Originally Posted By: RHV
I'll happily and thankfully bow to Ganbustein if he can produce a good sized sample of competent Mac users who have had trouble cloning from the boot volume. Even better, if that sample was statistically significant. (Most samples aren't.)

Hal has already pointed out where you can find some, and most users who have problems won't say "I cloned a running system and this is what went wrong." Usually, if they say anything at all, they'll say "I'm having a problem with X", and if we're lucky we'll eventually pull out of them the oh-by-the-way comment about how they restored from such a backup two years ago, and it turns out the problem has been lurking in their system all that time. But usually, even if the backup is bad, they don't know, because most users never test their backups, and the few that do make only a few spot-checks, usually limited to "It boots, so it must be good."

I also talked at length about all the files that Retrospect found changing during each backup. Many of those were files I really wanted reliable backups of. And there's also the problem that many applications cache data in RAM, and don't bother keeping their disk files consistent until the program quits.
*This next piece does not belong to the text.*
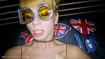 Ella chupa la polla con las gafas de sol amarillas, luego una gran sodomía, los chicos sólo se corre en el culo de la ninfa!

Many of those applications are actually "system processes" that run in the background, so you don't even know you're running them, yet cloning their disk files will give you inconsistent data.

I have at times had to recover from backup. Most of those times, the problem was because the disk catalog got corrupted. For that reason, I don't trust anything that copies the catalog itself. In particular, I don't trust a sector-level copy, like with DU. Even if I'm not booted from the volume. If I had used a sector level copy in those situations, my "backup" would be just as bad as the original.

You're looking at it wrong. It's not a question of "what are the odds?" It's a question of "what's reliable?" For bugs, even a single occurrence is "statistically significant", especially if that occurrence happens to me.